_REQUIRED WORK_:
With the exception of the pictures, write out the data below precisely.

_Excerpts from a dataset_:
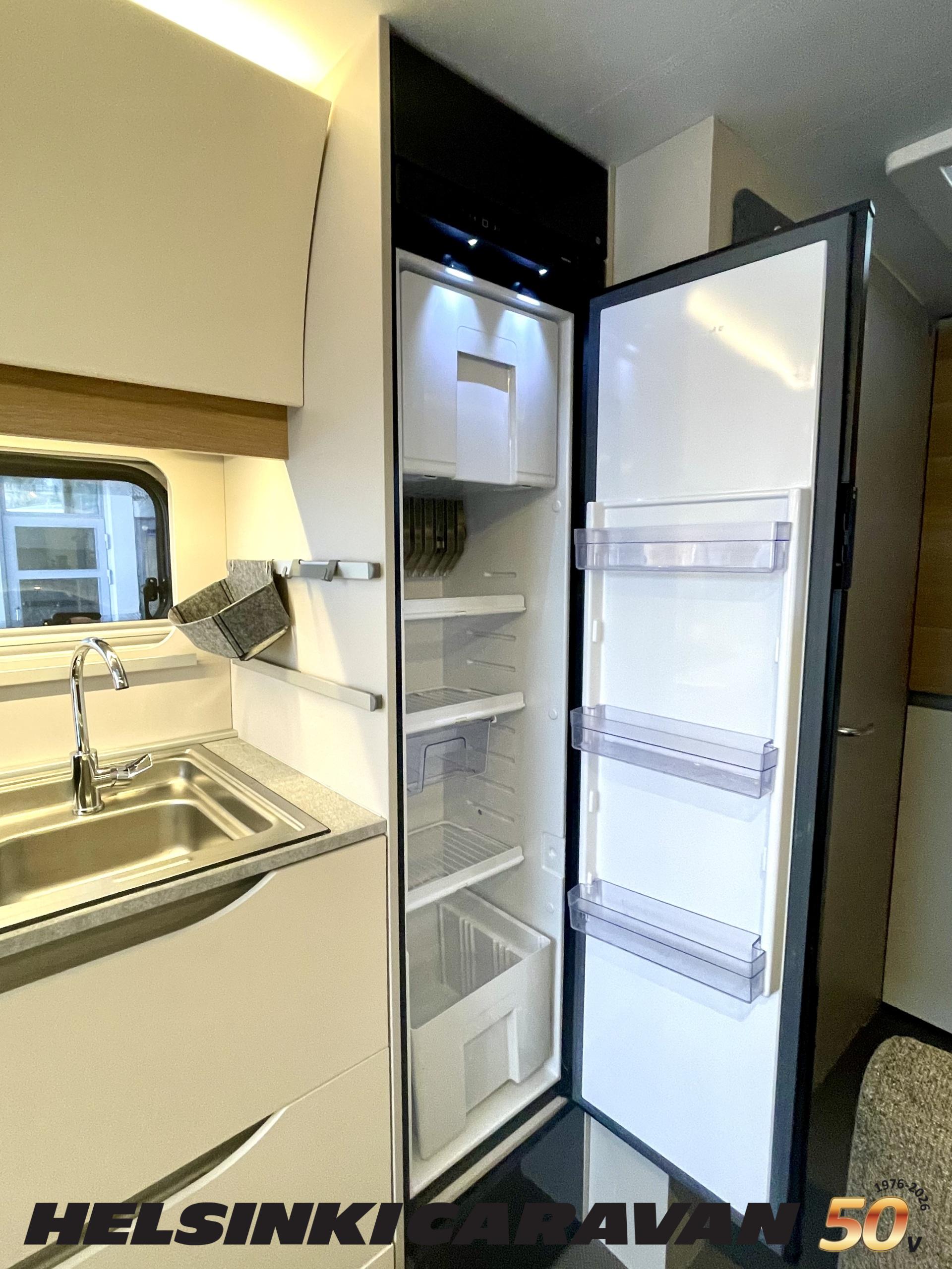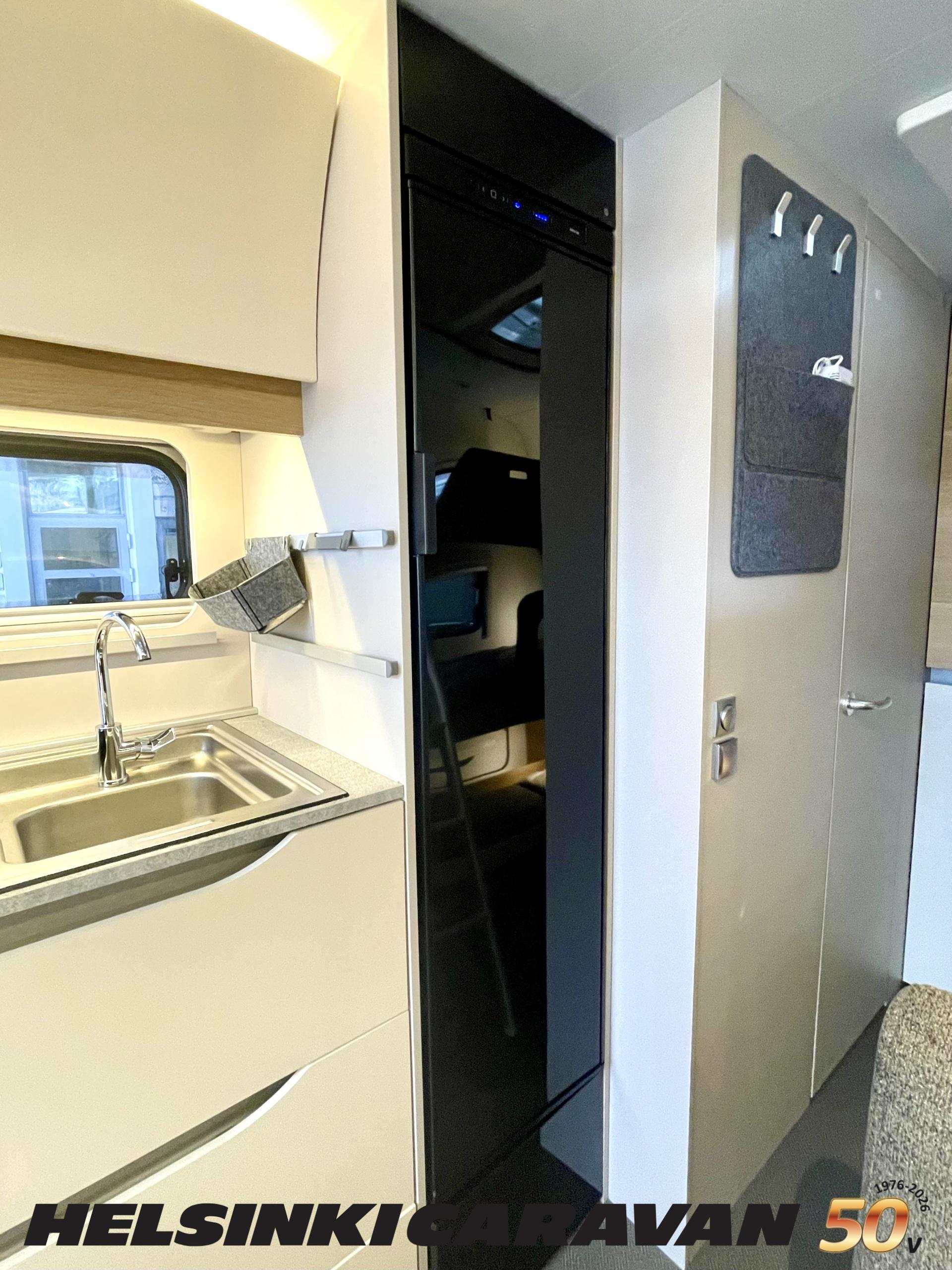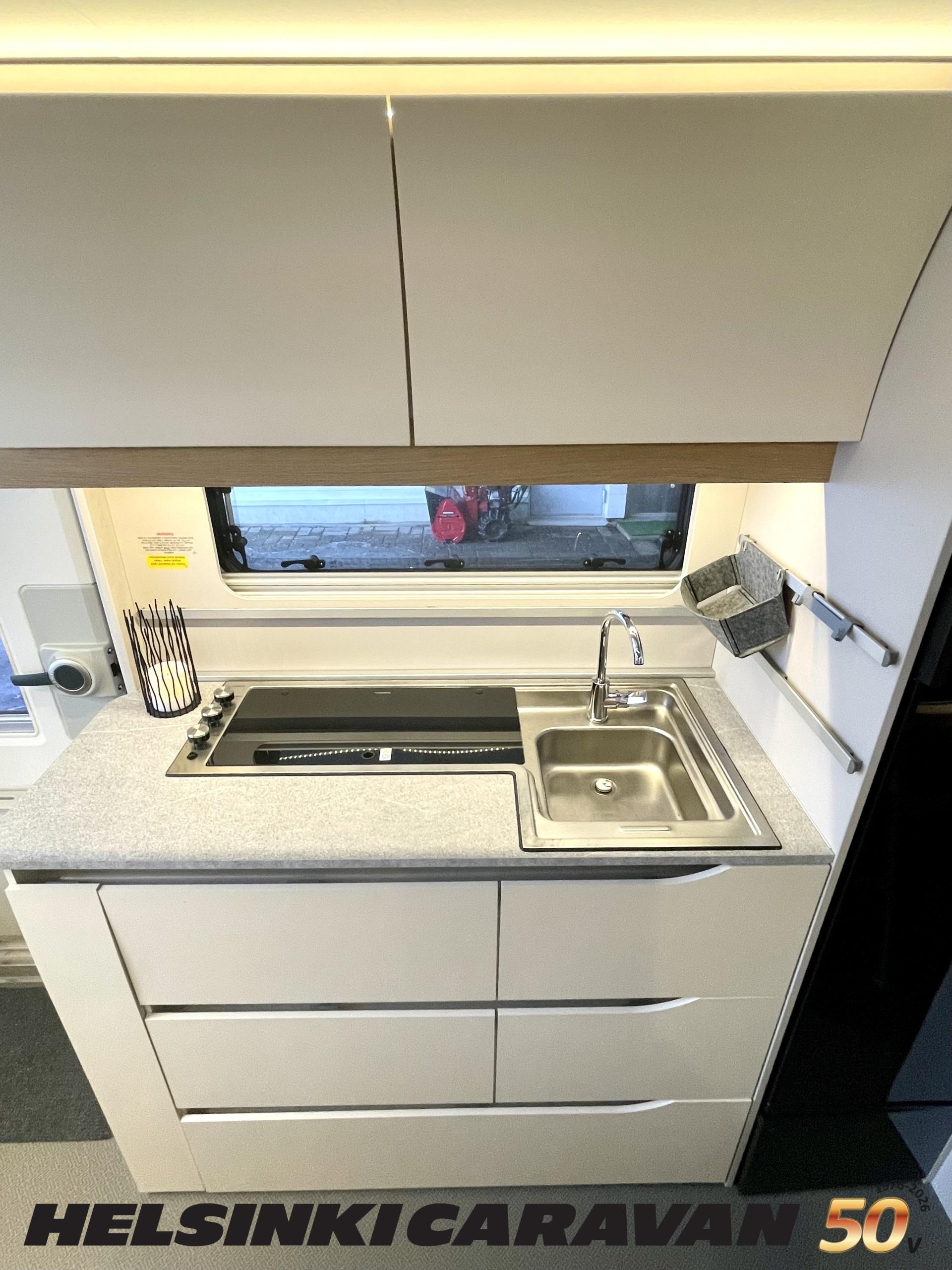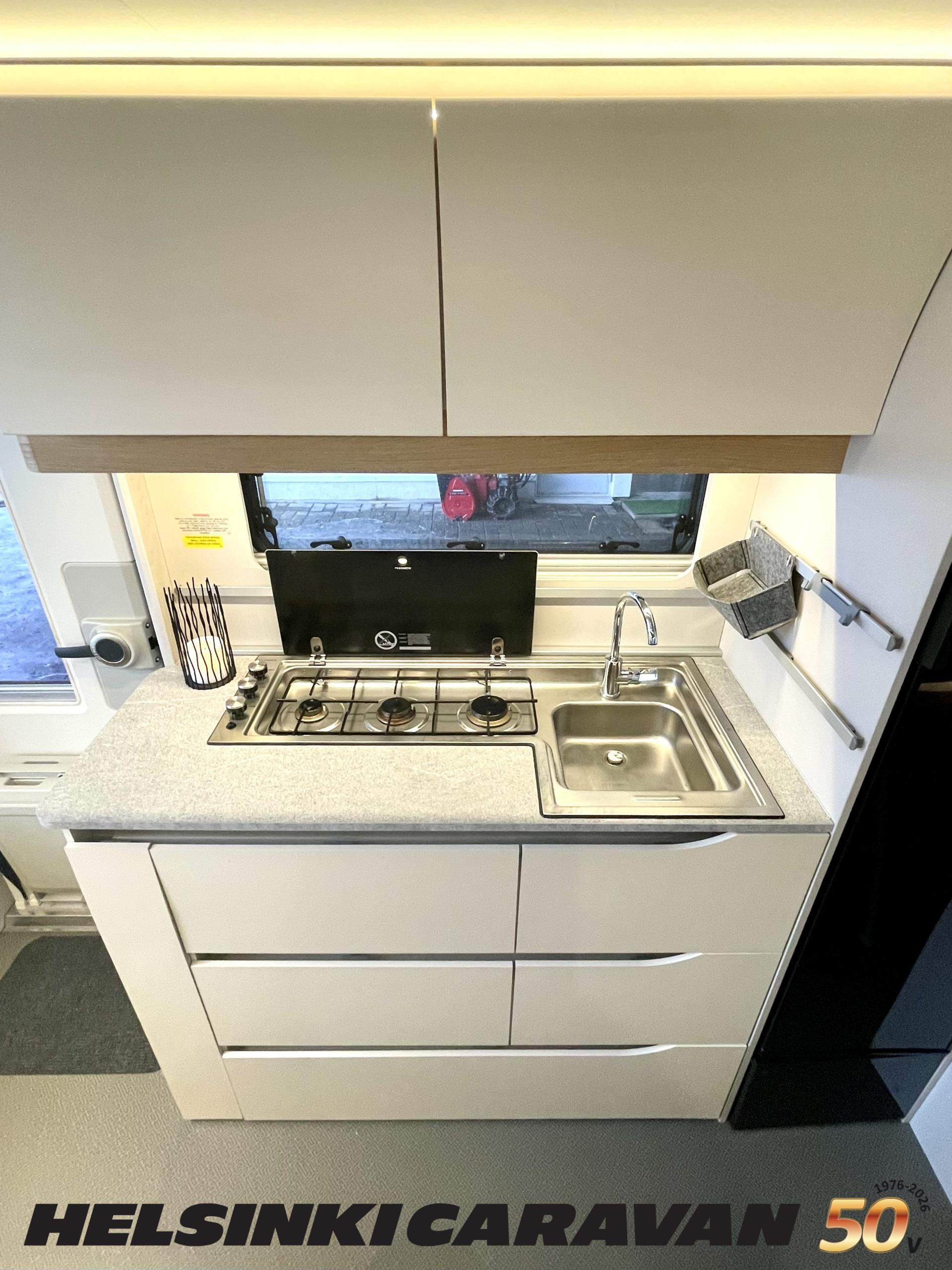 Vaunun keskiosan ruokailuryhmän ääreen mahtuu kerralla koko perhe kannustamaan kokkausvuorolaista uusiin urotekoihin. Ja mikäs siinä kokatessa kun kolmipolttimisella kaasuliedellä kypsyy useampikin pannullinen kerrallaan, liesituuletin kuuluu vakiovarustukseen ja kaappi- sekä laatikostotilaa löytyy yllin kyllin. Lisävarusteena löytyvä mikroaaltouuni hoitaa popcornit sadepäivän leffailtaa varten.
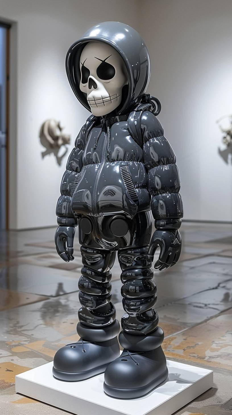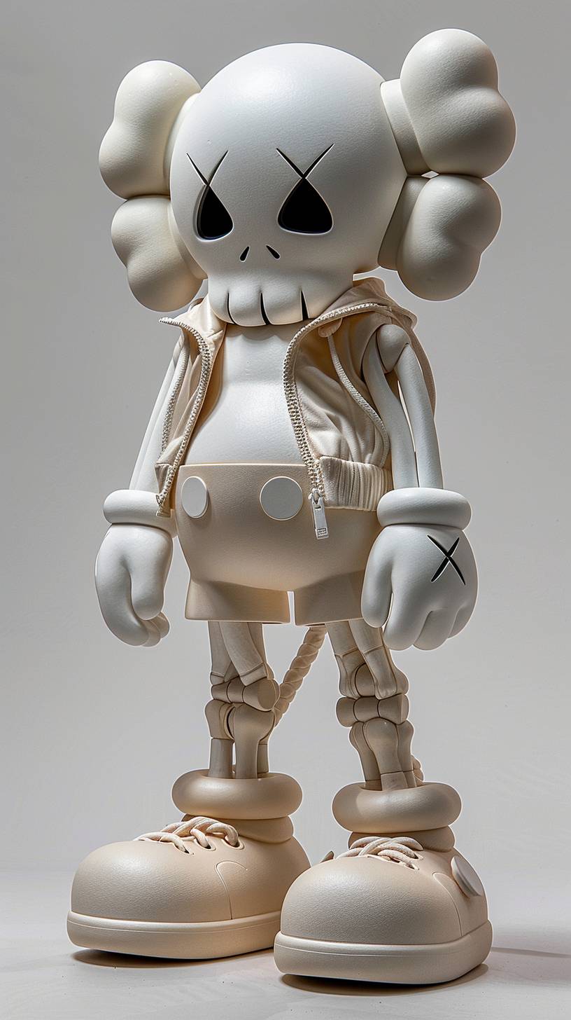 kaws one part in skeleton other plastic 4k white background realistic angle view 45 degree 3d view --ar 9:16 --stylize 750 --v 6.0
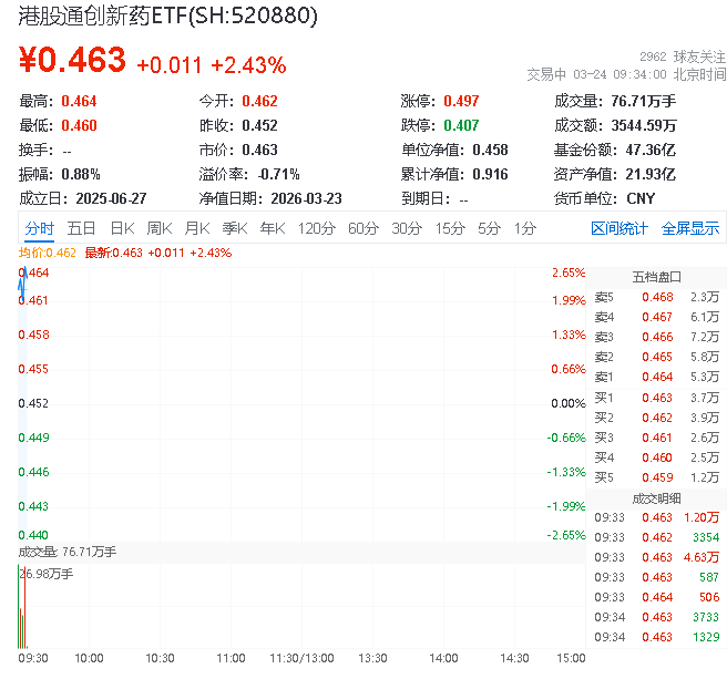 3月24日,截至9时28分,港股通创新药板块表现强劲,标的指数上涨2.21%,成份股方面,康诺亚-B领涨7.63%,长风药业上涨5.89%,MIRXES-B上涨5.38%。热门ETF方面,华宝基金港股通创新药ETF(520880)场内价格
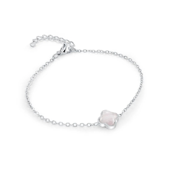 Stainless Steel 10mm Rose Quartz Clover Station Bracelet - 6 - 7 Inch Adjustable - Veloria by Italgem Steel
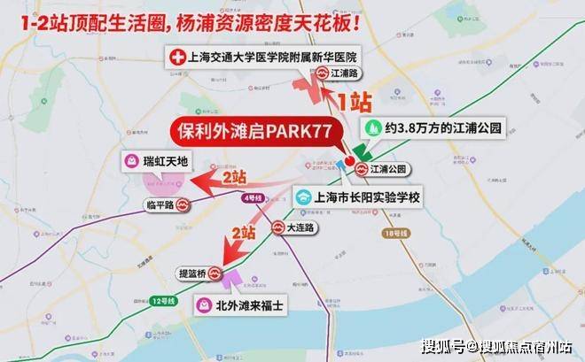 更难得的是,1-2站范围内,三甲新华医院、北外滩来福士、瑞虹商圈、江浦公园、长阳实验学校等顶配资源一应俱全。

_OUTPUT OF THE EXERCISE_:
 Vaunun keskiosan ruokailuryhmän ääreen mahtuu kerralla koko perhe kannustamaan kokkausvuorolaista uusiin urotekoihin. Ja mikäs siinä kokatessa kun kolmipolttimisella kaasuliedellä kypsyy useampikin pannullinen kerrallaan, liesituuletin kuuluu vakiovarustukseen ja kaappi- sekä laatikostotilaa löytyy yllin kyllin. Lisävarusteena löytyvä mikroaaltouuni hoitaa popcornit sadepäivän leffailtaa varten.
 kaws one part in skeleton other plastic 4k white background realistic angle view 45 degree 3d view --ar 9:16 --stylize 750 --v 6.0
 3月24日,截至9时28分,港股通创新药板块表现强劲,标的指数上涨2.21%,成份股方面,康诺亚-B领涨7.63%,长风药业上涨5.89%,MIRXES-B上涨5.38%。热门ETF方面,华宝基金港股通创新药ETF(520880)场内价格
 Stainless Steel 10mm Rose Quartz Clover Station Bracelet - 6 - 7 Inch Adjustable - Veloria by Italgem Steel
 更难得的是,1-2站范围内,三甲新华医院、北外滩来福士、瑞虹商圈、江浦公园、长阳实验学校等顶配资源一应俱全。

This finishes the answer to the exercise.